**Exercise**
Reproduce exactly, and only, the lines of the material below running from the line bearing "PXRD patterns of" through the line bearing "據(jù)24日拍攝的一張峰". Leave any pictures out.

**Data section**

******************************

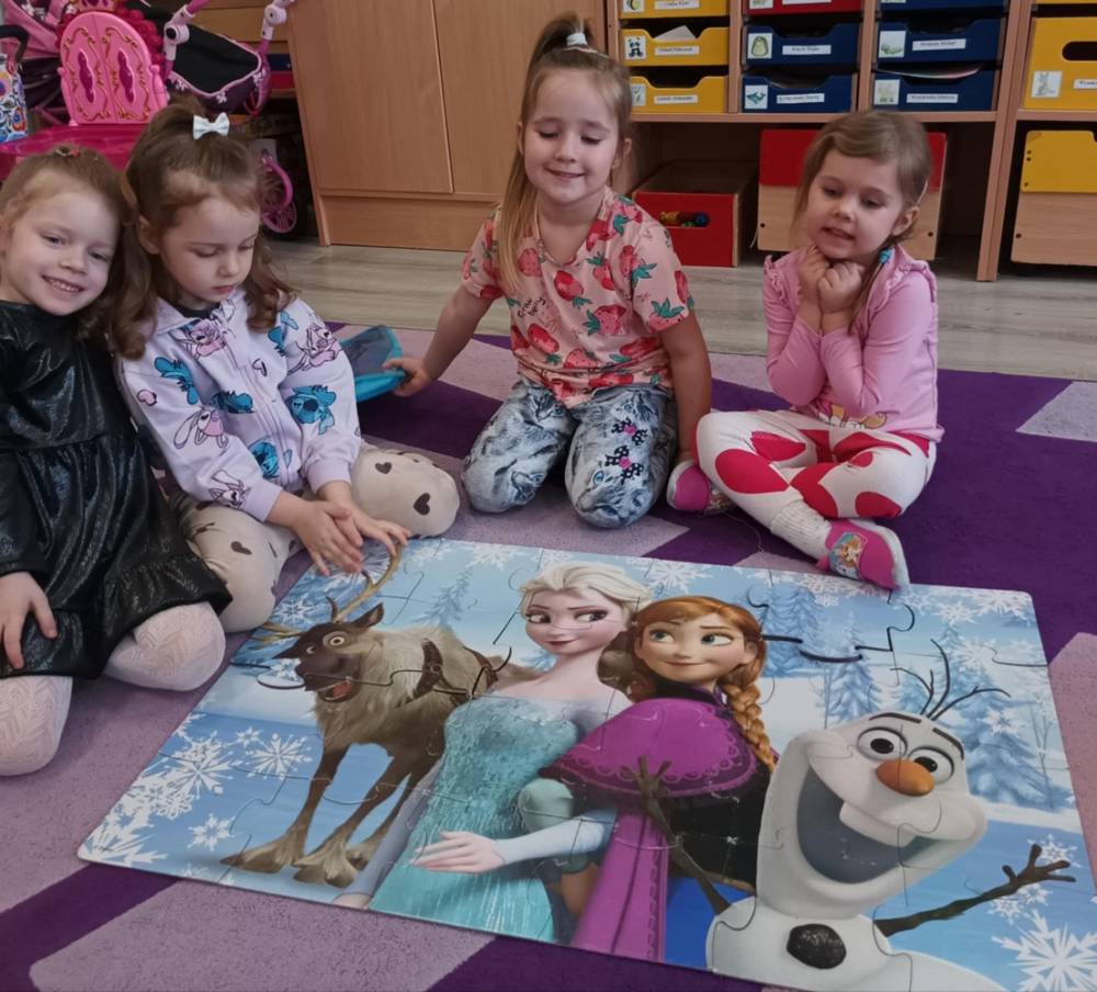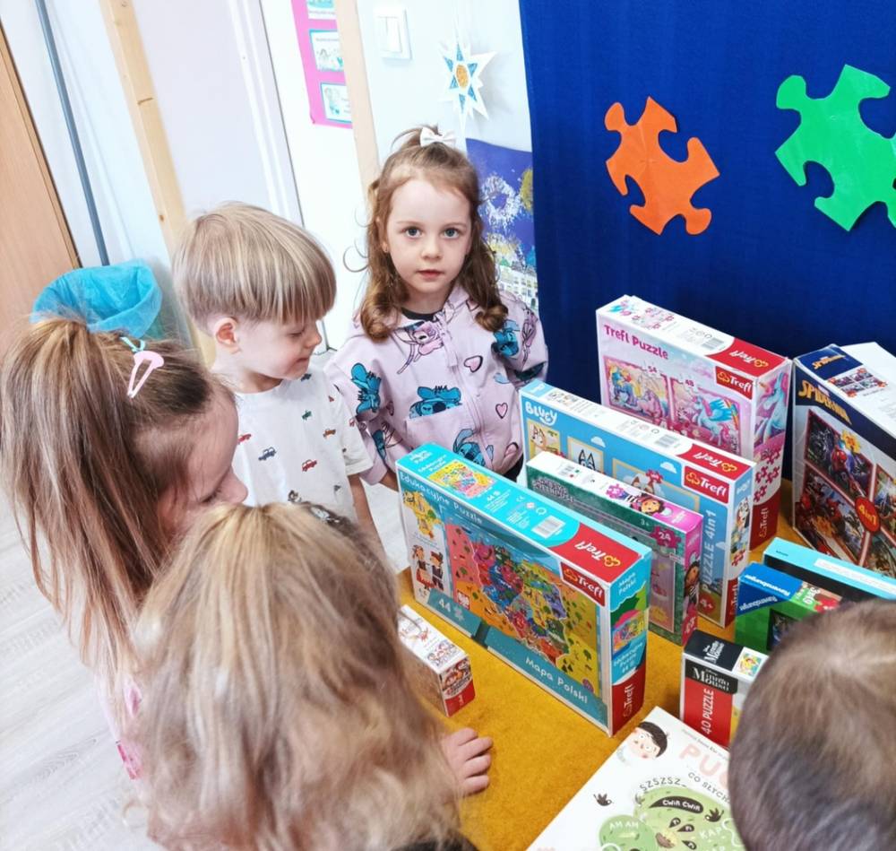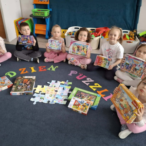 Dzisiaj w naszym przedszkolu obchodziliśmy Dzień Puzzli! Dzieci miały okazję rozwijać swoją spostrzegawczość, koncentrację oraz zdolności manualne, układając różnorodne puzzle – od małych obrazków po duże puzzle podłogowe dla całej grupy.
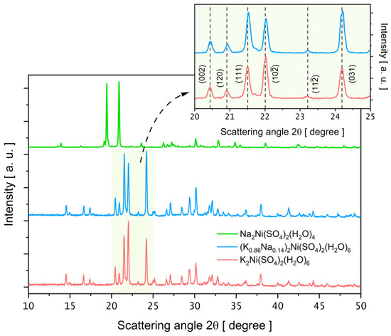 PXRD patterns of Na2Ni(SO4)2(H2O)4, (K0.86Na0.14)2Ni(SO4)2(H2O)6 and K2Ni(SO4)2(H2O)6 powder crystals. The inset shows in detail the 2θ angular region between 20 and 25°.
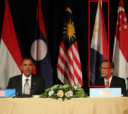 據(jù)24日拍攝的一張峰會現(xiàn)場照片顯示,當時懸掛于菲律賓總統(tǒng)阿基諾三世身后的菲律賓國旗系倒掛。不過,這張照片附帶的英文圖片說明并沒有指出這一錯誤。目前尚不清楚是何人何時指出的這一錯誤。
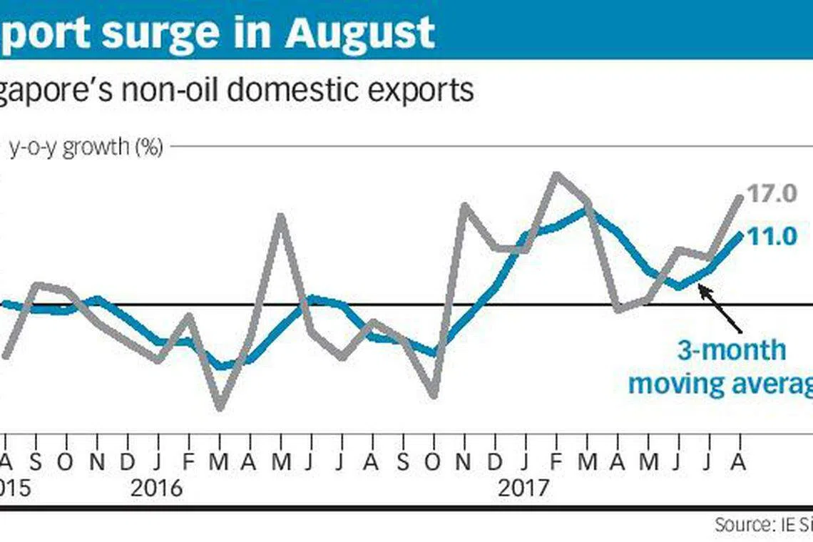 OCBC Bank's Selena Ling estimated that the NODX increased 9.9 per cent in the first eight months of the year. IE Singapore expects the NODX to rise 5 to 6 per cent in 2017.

******************************

**Output for this task**
 PXRD patterns of Na2Ni(SO4)2(H2O)4, (K0.86Na0.14)2Ni(SO4)2(H2O)6 and K2Ni(SO4)2(H2O)6 powder crystals. The inset shows in detail the 2θ angular region between 20 and 25°.
 據(jù)24日拍攝的一張峰會現(xiàn)場照片顯示,當時懸掛于菲律賓總統(tǒng)阿基諾三世身后的菲律賓國旗系倒掛。不過,這張照片附帶的英文圖片說明并沒有指出這一錯誤。目前尚不清楚是何人何時指出的這一錯誤。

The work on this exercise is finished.